Work instruction
Among the entries below, only the lines from the one with "Шифон синего оттенка" through the one with "比赛进行到第75分钟,国米奉" are wanted, reproduced exactly. Pictures are not wanted.

Supplied data
((

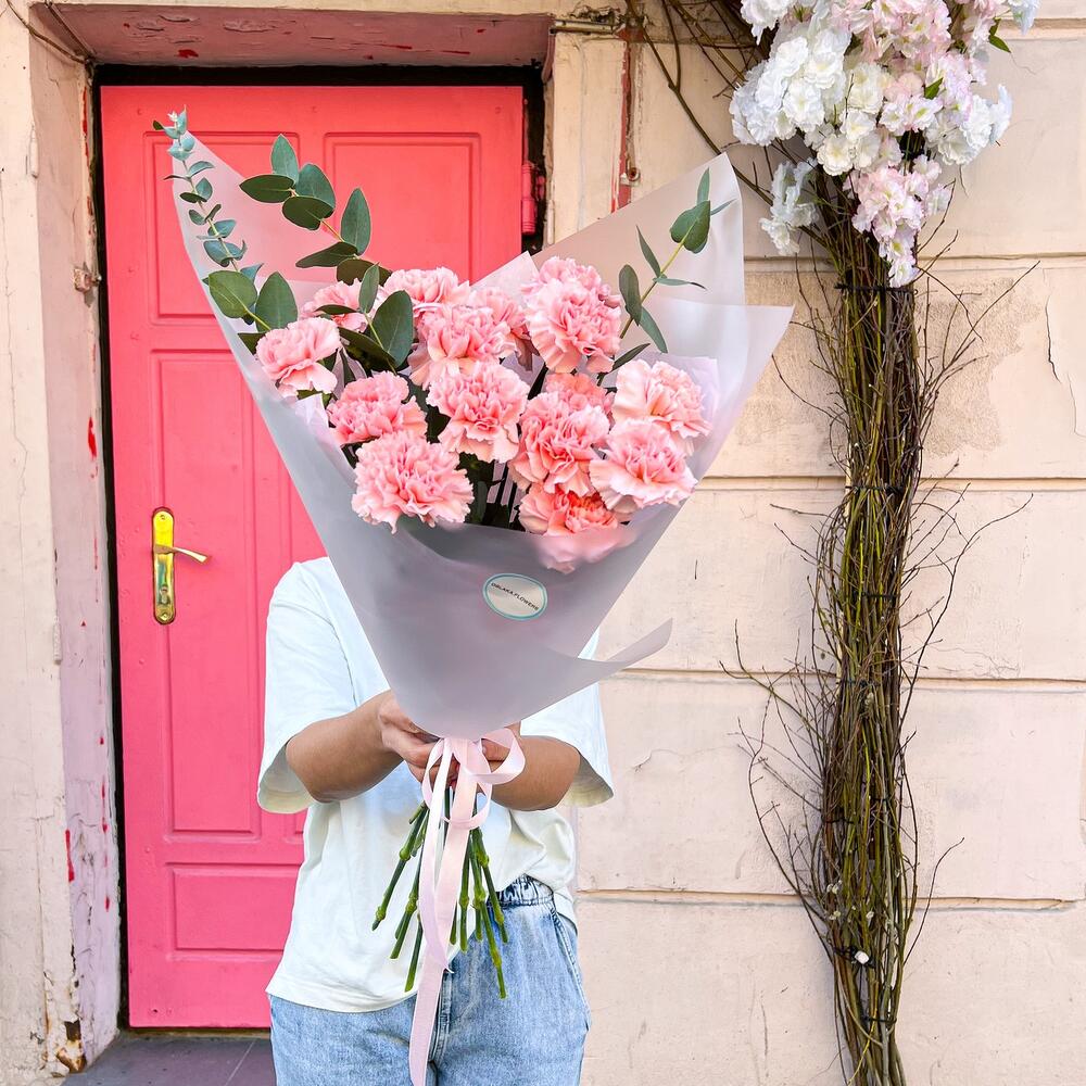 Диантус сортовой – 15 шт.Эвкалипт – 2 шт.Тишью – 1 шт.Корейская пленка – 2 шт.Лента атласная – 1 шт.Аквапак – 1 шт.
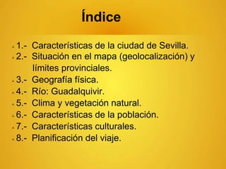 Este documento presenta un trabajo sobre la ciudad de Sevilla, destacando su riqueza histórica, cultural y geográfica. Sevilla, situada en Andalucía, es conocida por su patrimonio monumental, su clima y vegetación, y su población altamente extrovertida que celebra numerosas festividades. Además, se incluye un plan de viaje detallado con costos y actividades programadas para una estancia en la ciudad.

))
((

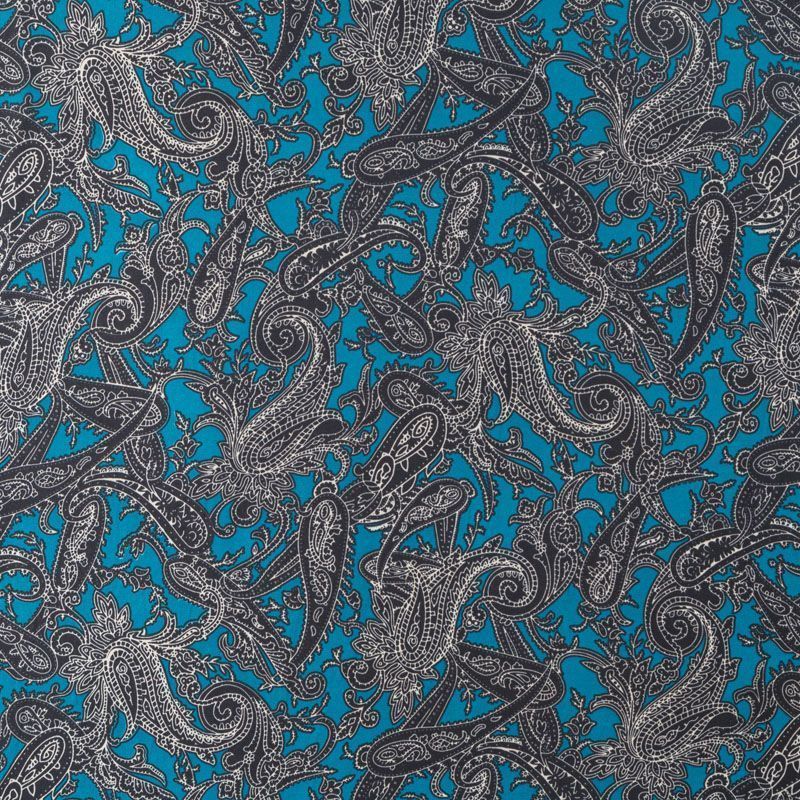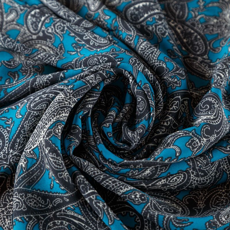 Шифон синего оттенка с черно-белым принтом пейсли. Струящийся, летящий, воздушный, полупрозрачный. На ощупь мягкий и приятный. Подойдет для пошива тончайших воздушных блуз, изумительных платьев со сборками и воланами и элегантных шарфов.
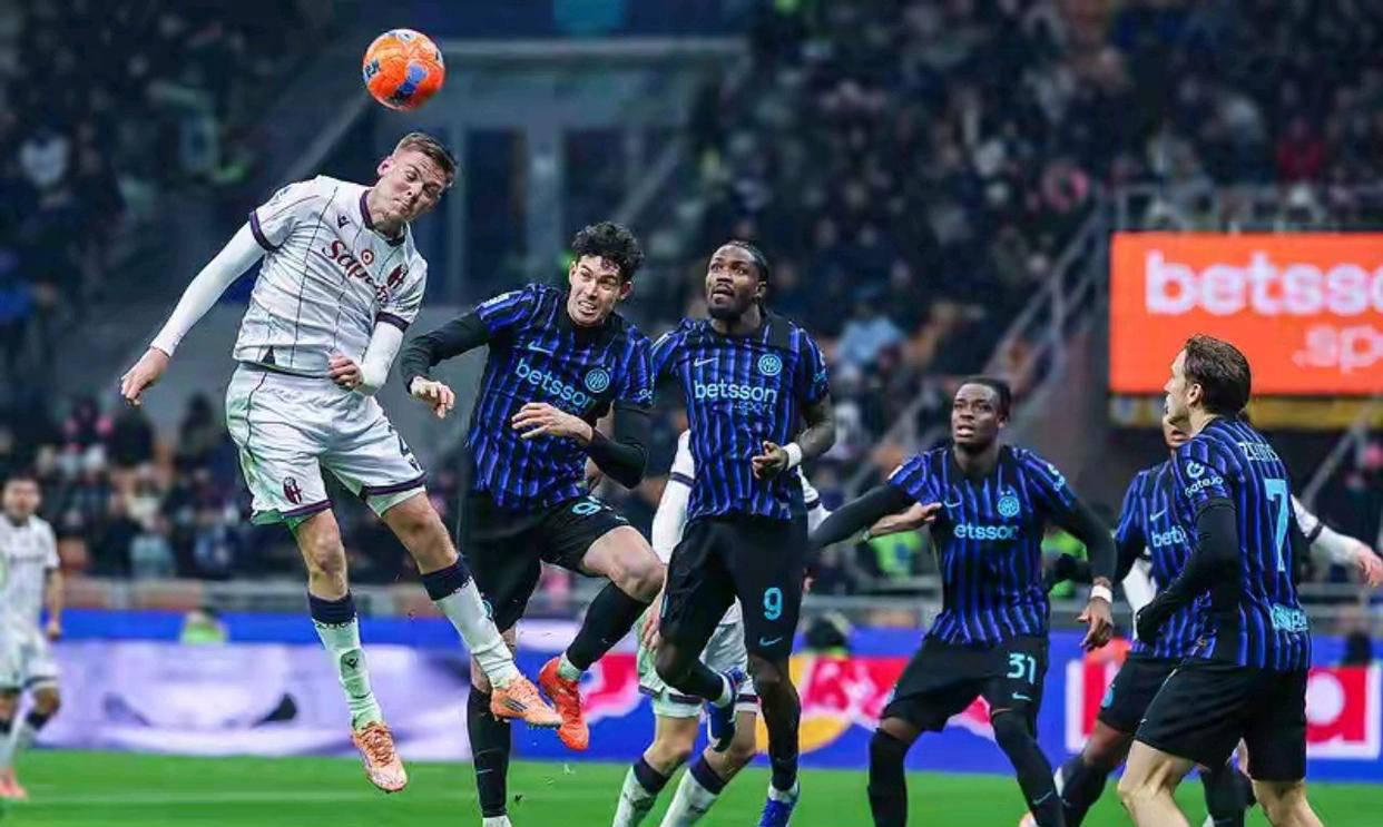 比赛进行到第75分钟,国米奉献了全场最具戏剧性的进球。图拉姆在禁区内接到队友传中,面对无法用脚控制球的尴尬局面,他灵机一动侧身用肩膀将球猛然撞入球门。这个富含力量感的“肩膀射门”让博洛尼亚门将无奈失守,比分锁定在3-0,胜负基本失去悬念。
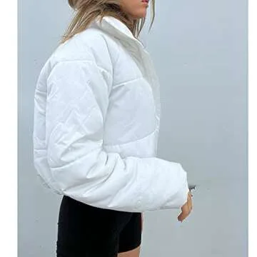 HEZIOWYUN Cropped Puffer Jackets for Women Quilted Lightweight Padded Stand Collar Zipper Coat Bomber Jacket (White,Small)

))
((

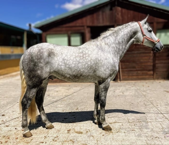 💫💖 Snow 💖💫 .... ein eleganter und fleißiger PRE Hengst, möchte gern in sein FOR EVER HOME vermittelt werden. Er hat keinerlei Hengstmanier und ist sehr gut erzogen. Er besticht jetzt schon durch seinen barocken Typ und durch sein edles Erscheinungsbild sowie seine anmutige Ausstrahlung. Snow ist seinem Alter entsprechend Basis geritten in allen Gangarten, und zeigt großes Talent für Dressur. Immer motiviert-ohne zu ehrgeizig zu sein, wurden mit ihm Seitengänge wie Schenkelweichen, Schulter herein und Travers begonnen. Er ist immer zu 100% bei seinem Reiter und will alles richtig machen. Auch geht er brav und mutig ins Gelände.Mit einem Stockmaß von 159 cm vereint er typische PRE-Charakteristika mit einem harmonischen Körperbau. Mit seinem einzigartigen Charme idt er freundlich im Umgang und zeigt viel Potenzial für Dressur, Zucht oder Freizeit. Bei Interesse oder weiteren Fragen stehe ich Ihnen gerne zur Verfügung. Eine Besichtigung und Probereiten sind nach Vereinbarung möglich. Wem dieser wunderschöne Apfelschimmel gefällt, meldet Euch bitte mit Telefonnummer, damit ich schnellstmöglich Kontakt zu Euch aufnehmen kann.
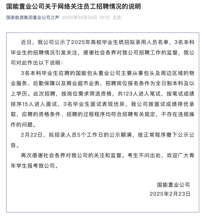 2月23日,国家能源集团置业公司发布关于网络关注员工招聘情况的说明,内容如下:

))

Solution for this problem
 Шифон синего оттенка с черно-белым принтом пейсли. Струящийся, летящий, воздушный, полупрозрачный. На ощупь мягкий и приятный. Подойдет для пошива тончайших воздушных блуз, изумительных платьев со сборками и воланами и элегантных шарфов.
 比赛进行到第75分钟,国米奉献了全场最具戏剧性的进球。图拉姆在禁区内接到队友传中,面对无法用脚控制球的尴尬局面,他灵机一动侧身用肩膀将球猛然撞入球门。这个富含力量感的“肩膀射门”让博洛尼亚门将无奈失守,比分锁定在3-0,胜负基本失去悬念。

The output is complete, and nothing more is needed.